The multi-colored corals are positively swarming with fish — anthias, rainbow runners, jacks, and anemonefish. There are also Moorish idols, butterflyfish and more – clouds so thick it’s like a rainstorm of fish. Bushes of pink whip coral and giant gnome-hat shaped corals hug the rocky limestone coastline, creating all sorts of little swim-throughs, cracks and crevices. It’s like swimming in an aquarium, and I dawdle as much as possible on the way back to the boat.

After a second, equally colorful dive there it’s time for the marquee event: a muck dive at Lawadi Beach. The two sites couldn’t be more different. Where Deacon’s Reef was bright and bustling, Lawadi at first glance seems a bit barren as we begin our descent. It’s a brown, sandy slope, interrupted here and there by small coral patches, but nothing as colorful as Deacon’s Reef. But those who love muck diving know it’s akin to a treasure hunt — Lawadi isn’t going to gaudily display its jewels — we’ve got to hunt for them.

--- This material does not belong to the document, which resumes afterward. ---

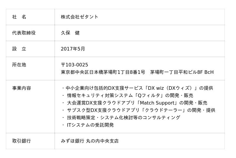 - DX wiz(DXウィズ) サービスのご紹介:https://zettant.com/dx-wiz/- Qフィルタ サービスのご紹介:https://www.qfilter.net/

We start in about 60 feet of water and work a grid pattern, letting our guide Albert take the lead. It’s only minutes before the discoveries begin rolling in. Albert finds two seahorses (regular-size, but still), ornate ghost pipefish, Halimeda ghost pipefish, mantis shrimp, an emperor shrimp, harlequin shrimp, an octopus, frogfish — the list goes on. Macro animals allow divers much nearer than large ones, and we spend over an hour underwater, marveling at the intricacies of their tiny bodies.

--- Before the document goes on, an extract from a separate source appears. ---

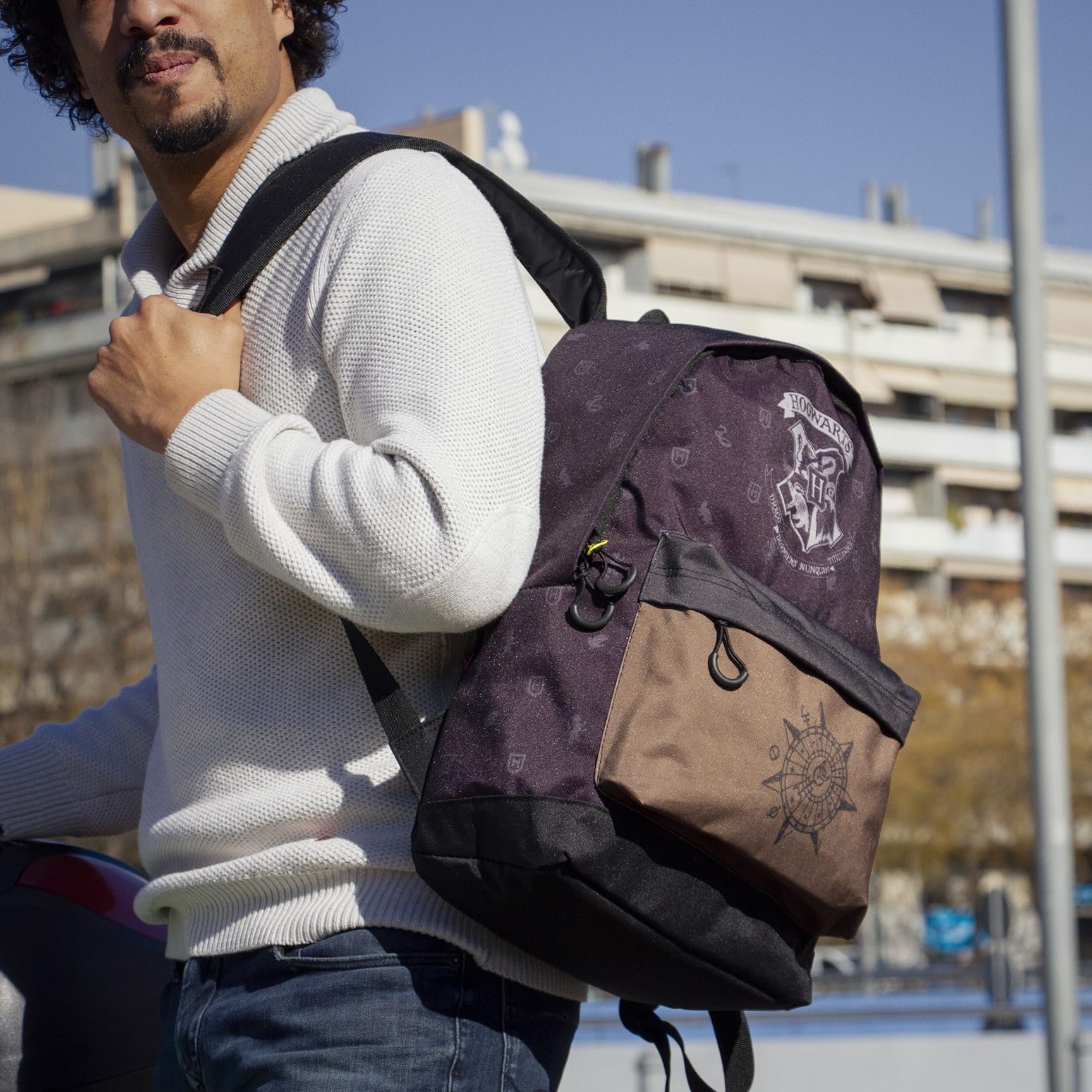 Lightweight urban backpack featuring a single main compartment for ample storage. Includes a convenient front pocket for quick access to essentials and adjustable padded shoulder straps for comfort during daily use or travel. Equipped with a rear trolley strap to securely attach to luggage. Designed with official Harry Potter-themed styling, this unisex backpack combines practical functionality with fan-favorite aesthetics.

Our second full day underwater begins at Witches Cauldron, another hard-coral wall dive. We begin in about 60 feet of water with the wall to our left and follow a similar profile as with Deacon’s Reef. Because I’ve made it clear to the guides and Alfred that if I don’t see a pygmy seahorse my life will be ruined, on this dive they deliver.

A tiny pink bargibanti pygmy clings to a sea fan along the wall at about 80 feet — if the group would leave me here to stare at it for the entire dive, I would. But continue we must, and we soon shallow up to about 30 feet and into another spectacular hard-coral garden where I see my first epaulette shark — two of them, in fact, sharing real estate under a small coral outcropping. We see a gigantic crocodilefish and a leafy scorpionfish as well before it’s time to reluctantly end the dive.

That evening, I chat with Armando a little more about our dives as we watch the sunset on the deck. Tawali has a little of everything, he says, which is what makes it special. But even after diving some sensational hard-coral sites, my favorite dive of the trip remains Lawadi Beach. That’s unsurprising, he says.

“Muck diving is Milne Bay. Muck diving is Tawali.”

Details

Getting there

Tawali, like much of Papua New Guinea, is quite remote. There are daily flights to Gurney (Alotau) on PNG Air as well as Air Niugini. You must book ahead so that Tawali’s shuttle bus is waiting for you at the airport to take you the 90 minutes to the dock where the resort’s boat awaits.

When to go

Many sites at Tawali are accessible all year thanks to its protected position on the peninsula’s north coast. Still, the very best time to visit is from October through March, when visibility is the best and the skies are relatively calm. Strong winds in February make getting to most dive sites a challenge. If the wind isn’t blowing, you can dive the sites on the south side of the peninsula as well.

What to bring

Tawali offers nitrox diving, so be sure to bring your certification card. Because it’s remote, if something breaks the dive shop may struggle to fix it for you. Thus, it’s smart to bring a save-a-dive kit. Pack any medicine you might need as well since quick run to the pharmacy is impossible.